-- Opening Marker --

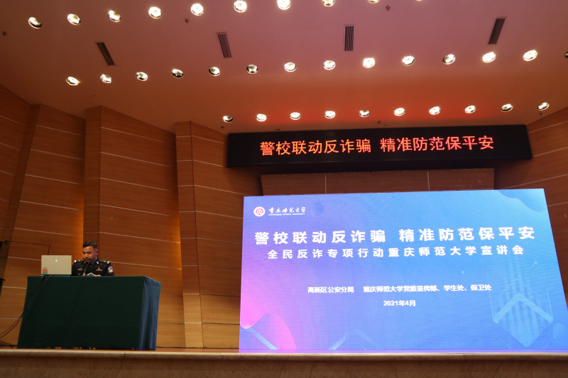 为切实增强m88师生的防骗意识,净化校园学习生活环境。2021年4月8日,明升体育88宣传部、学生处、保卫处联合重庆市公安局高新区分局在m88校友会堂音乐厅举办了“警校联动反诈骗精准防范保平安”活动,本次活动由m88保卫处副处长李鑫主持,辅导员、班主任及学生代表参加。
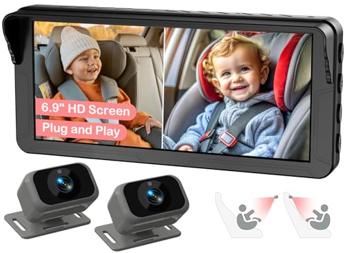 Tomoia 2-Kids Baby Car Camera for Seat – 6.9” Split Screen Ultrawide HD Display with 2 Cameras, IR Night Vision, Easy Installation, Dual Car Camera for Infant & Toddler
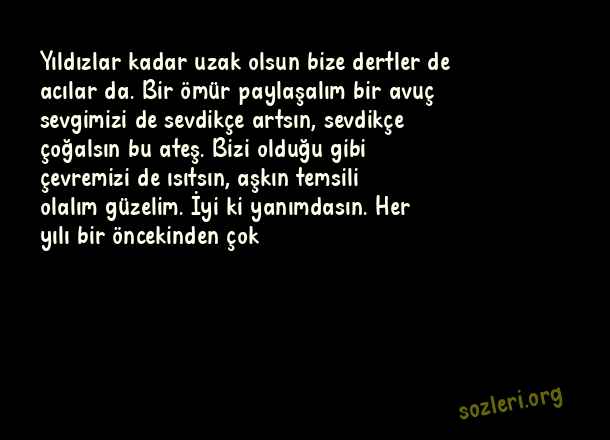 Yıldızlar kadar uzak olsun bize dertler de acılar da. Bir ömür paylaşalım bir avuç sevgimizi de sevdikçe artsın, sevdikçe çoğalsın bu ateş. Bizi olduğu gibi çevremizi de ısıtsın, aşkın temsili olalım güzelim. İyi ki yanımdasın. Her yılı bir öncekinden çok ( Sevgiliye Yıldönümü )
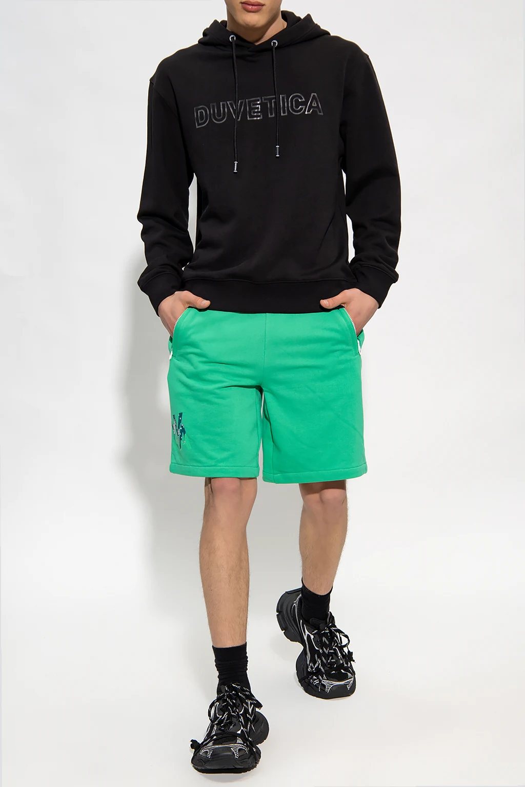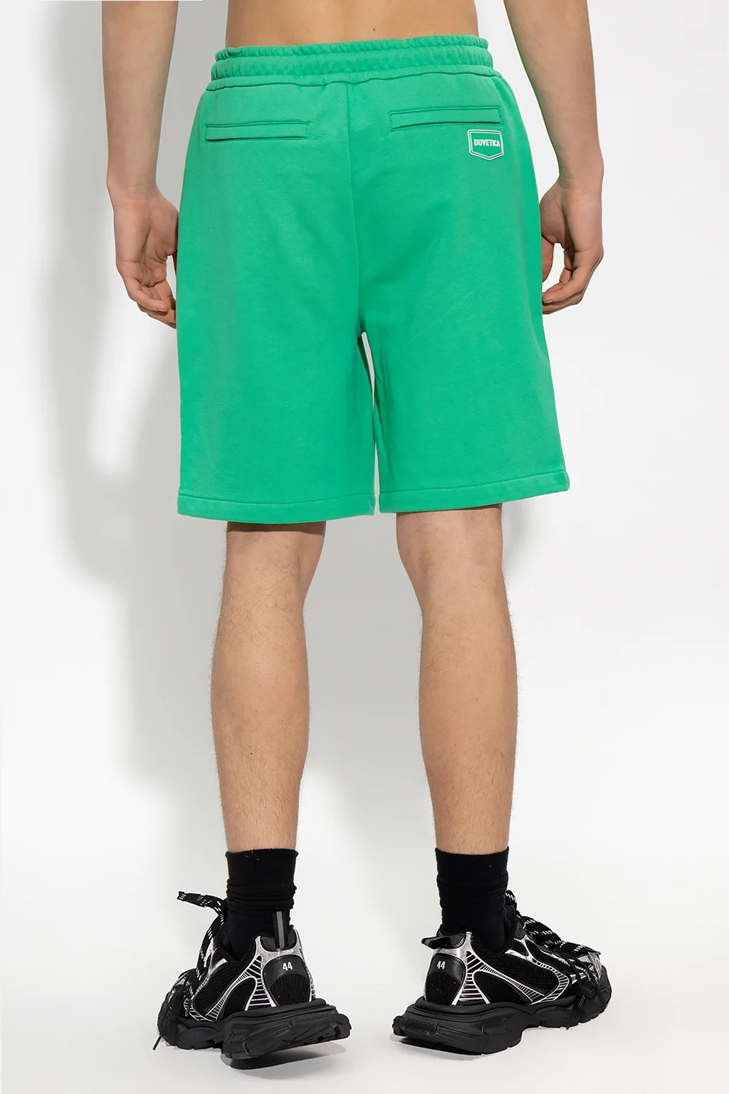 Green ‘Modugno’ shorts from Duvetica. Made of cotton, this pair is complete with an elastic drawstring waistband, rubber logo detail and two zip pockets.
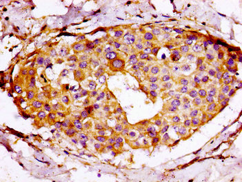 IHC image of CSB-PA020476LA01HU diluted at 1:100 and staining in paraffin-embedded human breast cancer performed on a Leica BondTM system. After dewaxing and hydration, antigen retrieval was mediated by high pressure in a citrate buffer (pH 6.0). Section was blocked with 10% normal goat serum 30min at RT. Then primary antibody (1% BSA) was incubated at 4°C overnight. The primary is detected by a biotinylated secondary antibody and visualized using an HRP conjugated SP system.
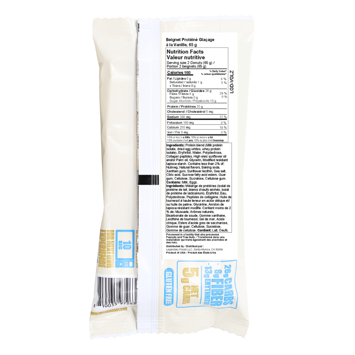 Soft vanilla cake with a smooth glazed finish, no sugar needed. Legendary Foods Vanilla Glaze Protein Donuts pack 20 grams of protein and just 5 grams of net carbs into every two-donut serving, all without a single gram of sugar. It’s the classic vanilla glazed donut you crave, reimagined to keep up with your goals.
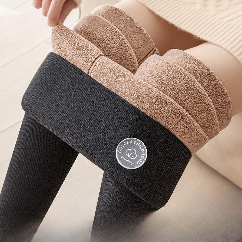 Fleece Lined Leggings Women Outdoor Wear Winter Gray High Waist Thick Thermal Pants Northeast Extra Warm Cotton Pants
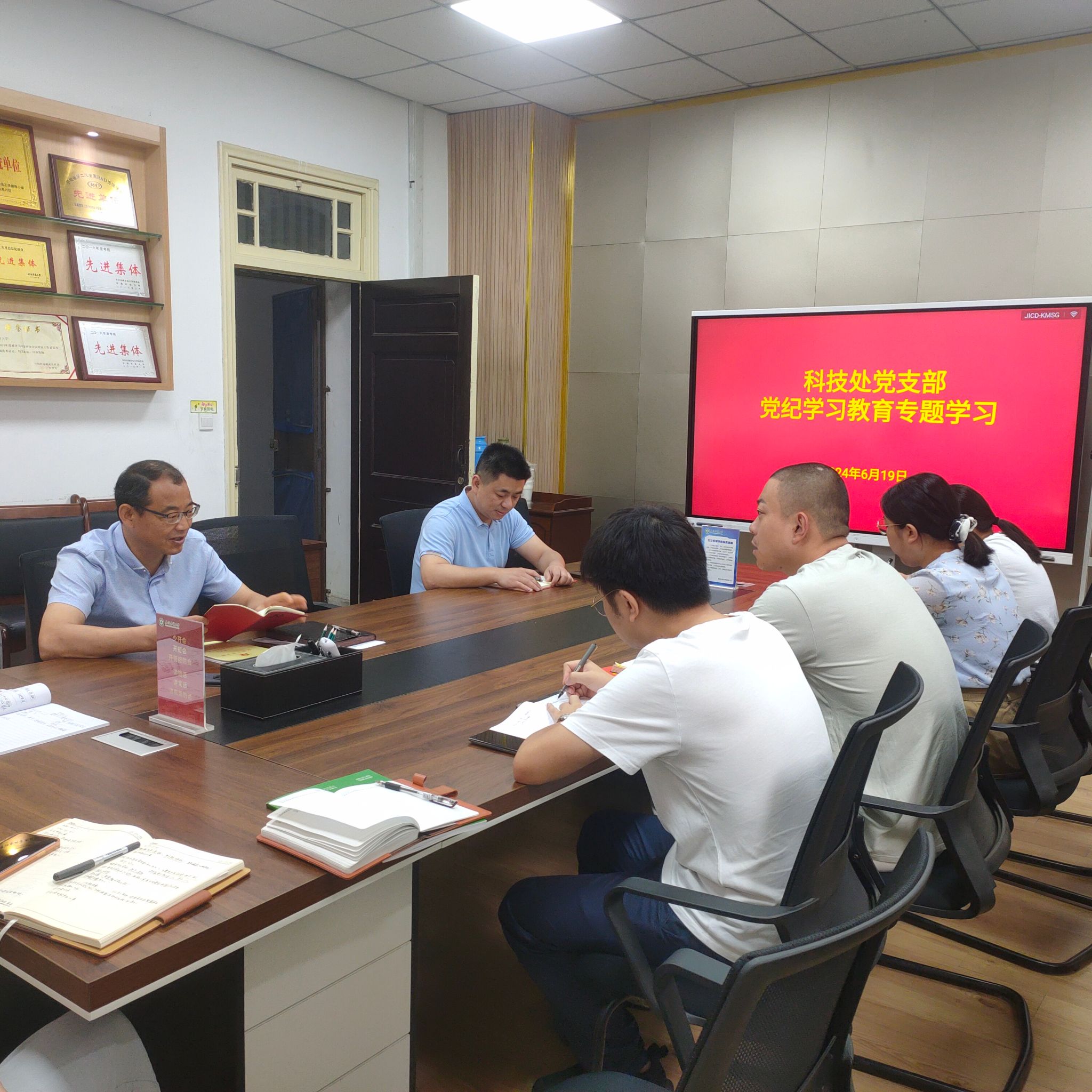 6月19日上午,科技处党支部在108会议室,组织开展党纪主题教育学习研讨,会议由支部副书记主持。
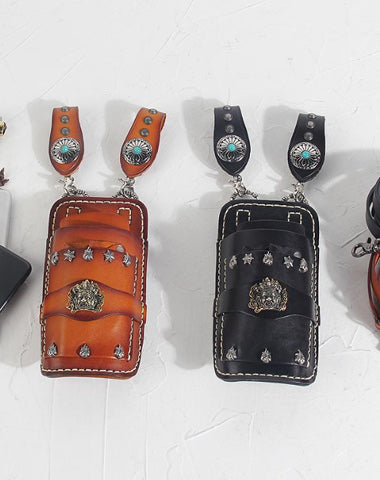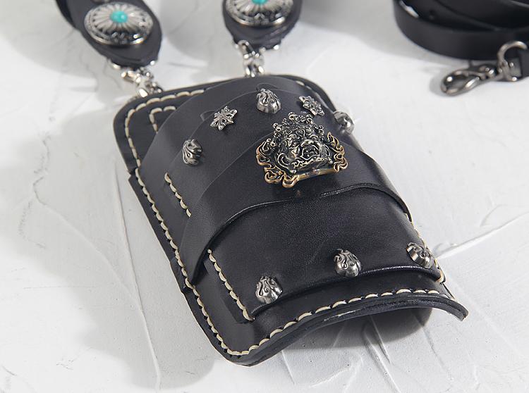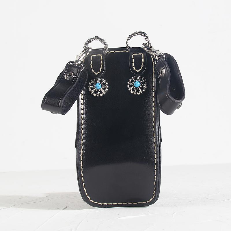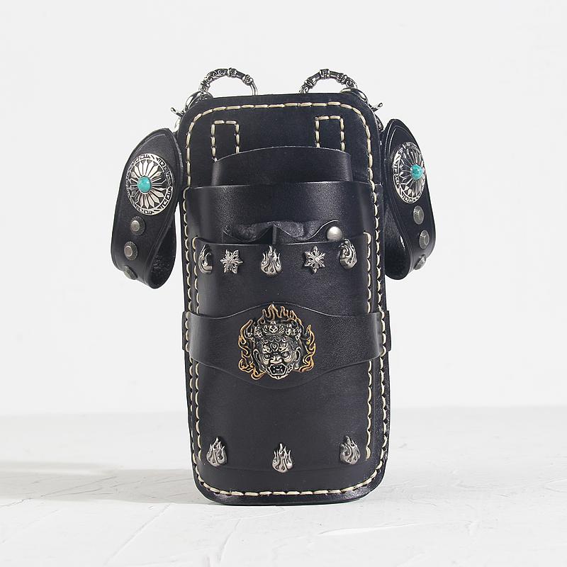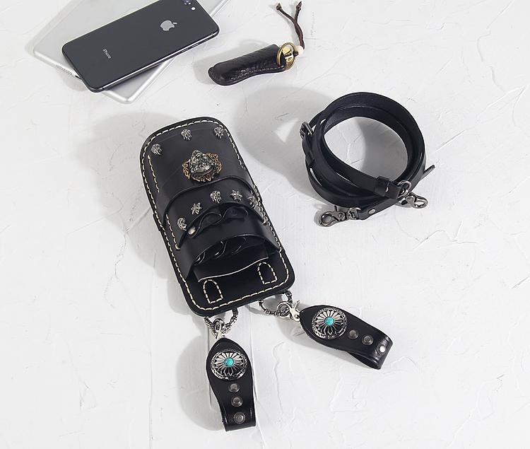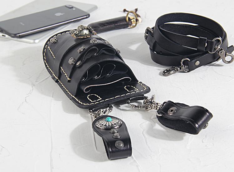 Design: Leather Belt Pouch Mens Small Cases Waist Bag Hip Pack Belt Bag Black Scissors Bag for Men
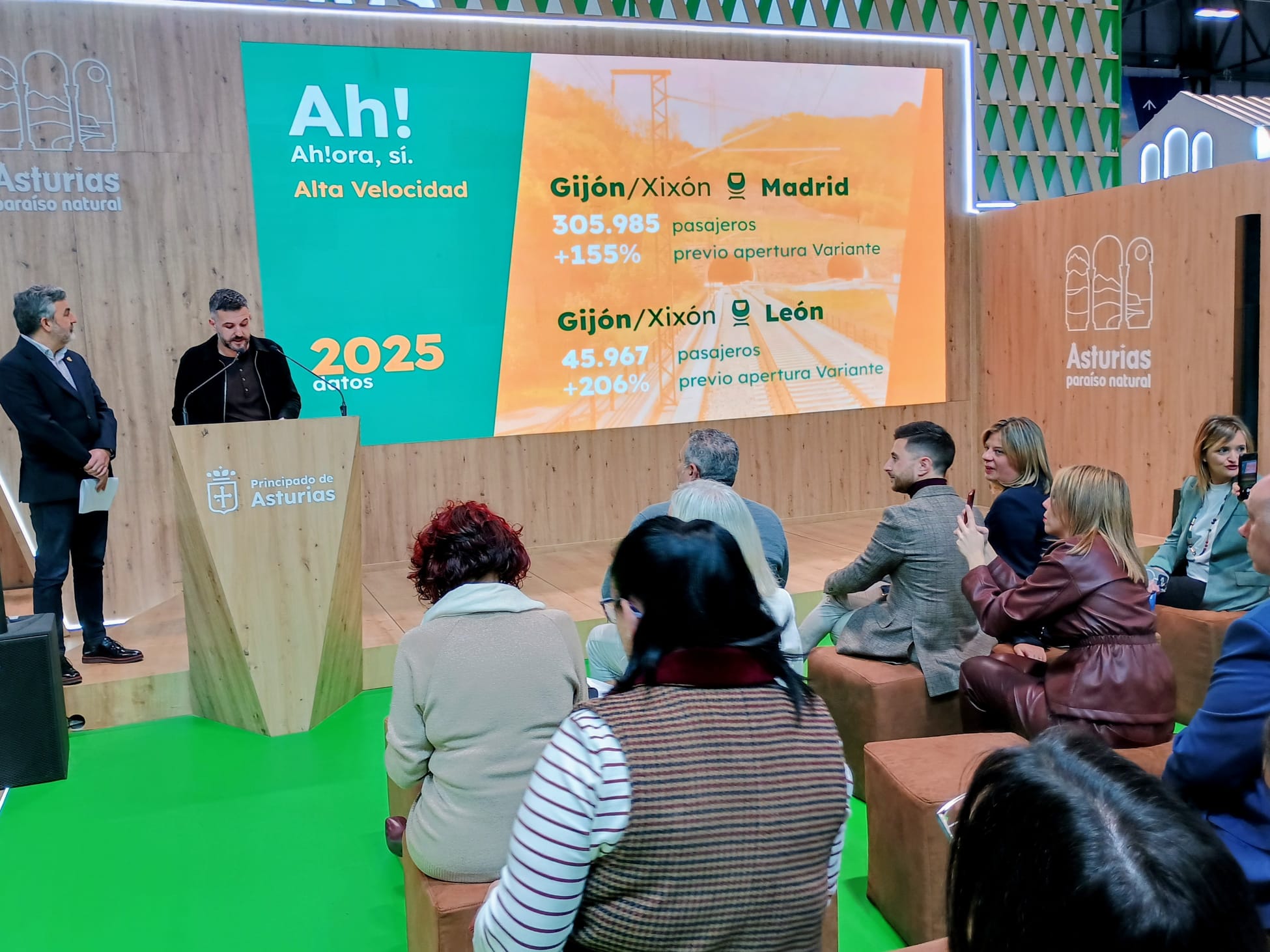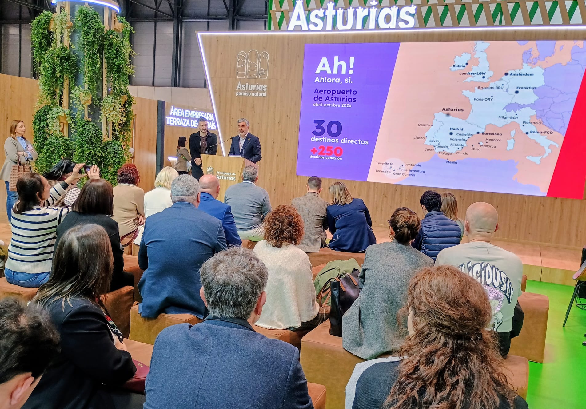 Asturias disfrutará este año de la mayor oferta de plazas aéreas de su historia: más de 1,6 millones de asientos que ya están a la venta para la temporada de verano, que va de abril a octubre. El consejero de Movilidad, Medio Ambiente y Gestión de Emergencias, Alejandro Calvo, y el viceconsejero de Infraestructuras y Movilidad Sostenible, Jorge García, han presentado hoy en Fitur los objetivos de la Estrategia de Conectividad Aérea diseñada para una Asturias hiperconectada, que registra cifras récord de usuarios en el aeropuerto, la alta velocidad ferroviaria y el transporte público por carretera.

-- Closing Marker --

◆ **Exercise prompt**: The records above need to be reproduced exactly, with all images omitted.

◆ **Task result**:
 为切实增强m88师生的防骗意识,净化校园学习生活环境。2021年4月8日,明升体育88宣传部、学生处、保卫处联合重庆市公安局高新区分局在m88校友会堂音乐厅举办了“警校联动反诈骗精准防范保平安”活动,本次活动由m88保卫处副处长李鑫主持,辅导员、班主任及学生代表参加。
 Tomoia 2-Kids Baby Car Camera for Seat – 6.9” Split Screen Ultrawide HD Display with 2 Cameras, IR Night Vision, Easy Installation, Dual Car Camera for Infant & Toddler
 Yıldızlar kadar uzak olsun bize dertler de acılar da. Bir ömür paylaşalım bir avuç sevgimizi de sevdikçe artsın, sevdikçe çoğalsın bu ateş. Bizi olduğu gibi çevremizi de ısıtsın, aşkın temsili olalım güzelim. İyi ki yanımdasın. Her yılı bir öncekinden çok ( Sevgiliye Yıldönümü )
 Green ‘Modugno’ shorts from Duvetica. Made of cotton, this pair is complete with an elastic drawstring waistband, rubber logo detail and two zip pockets.
 IHC image of CSB-PA020476LA01HU diluted at 1:100 and staining in paraffin-embedded human breast cancer performed on a Leica BondTM system. After dewaxing and hydration, antigen retrieval was mediated by high pressure in a citrate buffer (pH 6.0). Section was blocked with 10% normal goat serum 30min at RT. Then primary antibody (1% BSA) was incubated at 4°C overnight. The primary is detected by a biotinylated secondary antibody and visualized using an HRP conjugated SP system.
 Soft vanilla cake with a smooth glazed finish, no sugar needed. Legendary Foods Vanilla Glaze Protein Donuts pack 20 grams of protein and just 5 grams of net carbs into every two-donut serving, all without a single gram of sugar. It’s the classic vanilla glazed donut you crave, reimagined to keep up with your goals.
 Fleece Lined Leggings Women Outdoor Wear Winter Gray High Waist Thick Thermal Pants Northeast Extra Warm Cotton Pants
 6月19日上午,科技处党支部在108会议室,组织开展党纪主题教育学习研讨,会议由支部副书记主持。
 Design: Leather Belt Pouch Mens Small Cases Waist Bag Hip Pack Belt Bag Black Scissors Bag for Men
 Asturias disfrutará este año de la mayor oferta de plazas aéreas de su historia: más de 1,6 millones de asientos que ya están a la venta para la temporada de verano, que va de abril a octubre. El consejero de Movilidad, Medio Ambiente y Gestión de Emergencias, Alejandro Calvo, y el viceconsejero de Infraestructuras y Movilidad Sostenible, Jorge García, han presentado hoy en Fitur los objetivos de la Estrategia de Conectividad Aérea diseñada para una Asturias hiperconectada, que registra cifras récord de usuarios en el aeropuerto, la alta velocidad ferroviaria y el transporte público por carretera.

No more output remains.